IO-Link® で OEE を改善する方法
IO-Linkとは何か、OEE計算との関係は?
センサやその他のデバイス間の双方向シリアル通信のためのオープンなグローバル標準であるIO-Link は、インストールの簡素化、パラメータ設定の自動化、診断の拡張を提供します。これらのシステムはオープンスタンダードを使用しているため、IO-Link 対応のセンサ,ハブ,マスター, およびその他のデバイスは、ほとんどすべてのフィールドバスまたはオートメーションシステムに統合できます。
IO-Link システムには、標準化された配線、リモート設定、簡単なデバイス交換、高度な診断、リモート監視 、データの可用性の向上など、多くの利点と能力があります。これらの能力を組み合わせることで、こうなる:
- 全体的なコストの削減
- プロセス効率の増加
- 機械の稼働率の向上
- より高品質な出力
総合設備効率(OEE)の計算は、IO-Link デバイスからのデータによって支援される。この計算では、可用性、パフォーマンス、品質が考慮される。アベイラビリティは、総ランタイムを減少させるイベント、特に計画外の停止を考慮する。性能は、製造工程が動いているときの速度を考慮する。品質とは、許容基準を満たさない部品や製品のことで、廃棄や再加工が必要となり、時間を浪費する。

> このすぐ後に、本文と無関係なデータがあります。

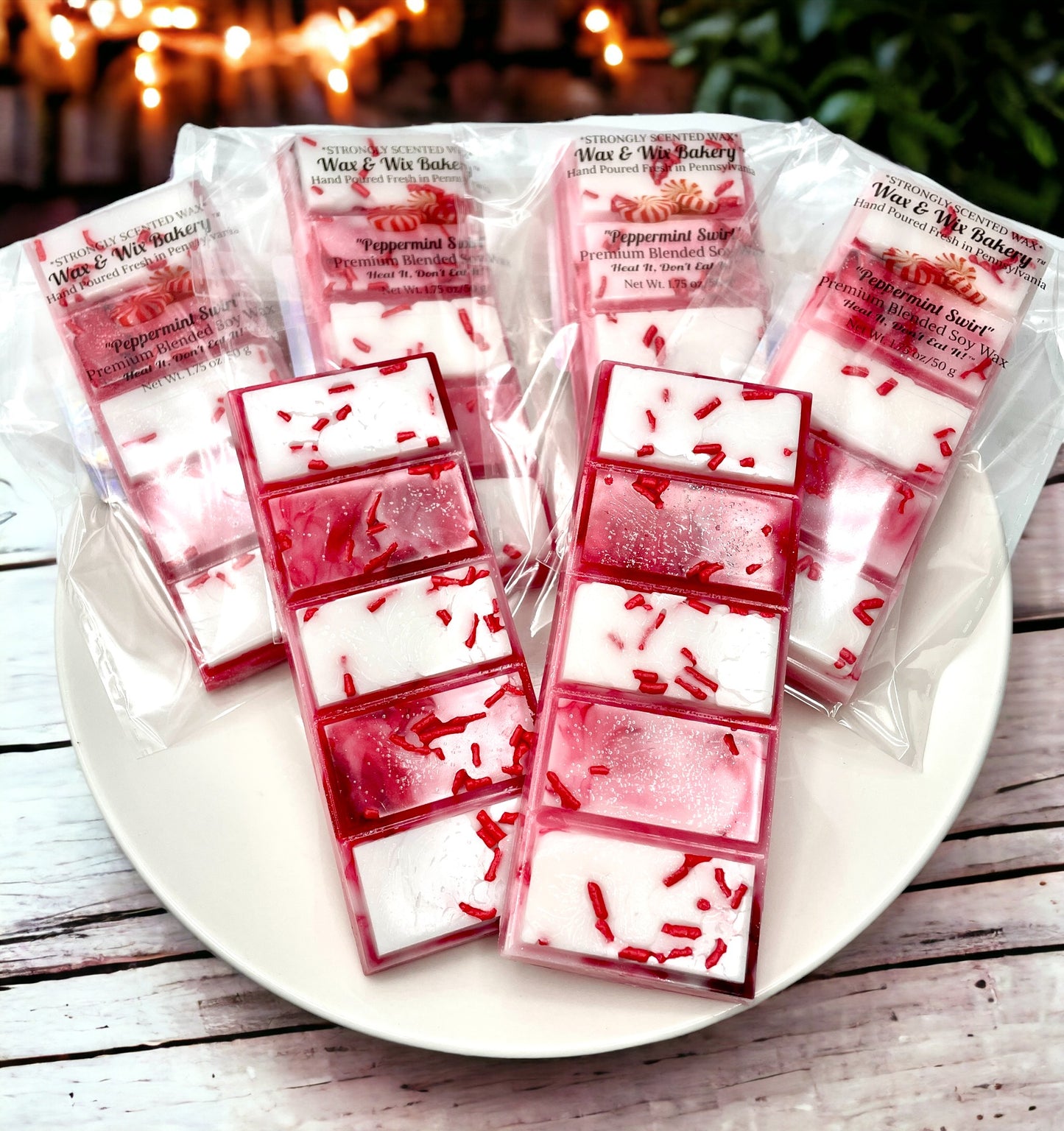 These wax melts, wax tarts, snap bars are scented in the fragrance: "Peppermint Swirl". Each bar has accent red sprinkles that are safe for use. The candy pieces will not melt and provide a nice look mixed within the melted wax. Simply discard with the wax when finished with use.

OEEを評価することで、製造オペレーションにおける無駄の原因について実用的な洞察が得られる。このような無駄を削減し、OEEを改善するには、非効率がいつどこで発生したかをセンサーレベルまで可視化する必要がある。IO-Link センサとインジケータからパフォーマンスとランタイムデータにアクセスすることは、OEE を計算し、機械、プロセス、人の効率を改善する方法を決定するために不可欠です。
IO-Linkによる運用コストの削減
IO-Link デバイスが運用のコスト効率向上に役立つ方法はたくさんあります。IO-Link デバイスはシリアル信号を送信するので、標準のシールドなし 3 ピン M12 ケーブルを使用できる。簡単に入手できるこれらのコードセットは、費用対効果に優れ、長さの違いだけで素早く取り付けられる。標準化されたケーブリングは、配線やピン配列のミスをなくし、設置時間を短縮します。
IO-Link デバイスは、豊富な専門知識を必要とせず、簡単にデバイスを交換できるように設計されています。データ保存モードでは、センサデバイスの設定を IO-Link マスタのポートに保存することができます。センサーが損傷した場合、訓練を受けていないオペレーターでも、損傷したセンサーを新しいものとすぐに交換することができる。正しい機器構成が自動的にロードされ、新しいセンサーは準備完了です。マニュアルや設定資料、ファームウェアのアップデートは必要ない。
IO-Link技術によって可能になったもう1つのコスト削減策は、パッシブジャンクションブロックをスタック可能な省スペースIO-Linkハブに置き換えることである。この方法では、IO-Link 信号を 1 つのIO-Link マスタ に送り返すことで、接続を簡素化できます。このマスタは、1 つのイーサネット接続を介してすべての信号を集約し、制御盤に出力します。配線、コスト、設置、試運転にかかる時間、複雑さを軽減し、制御盤を小型化できる。制御盤までの何百本もの個別ケーブルを、6本のイーサネット・ケーブルで置き換えることができる。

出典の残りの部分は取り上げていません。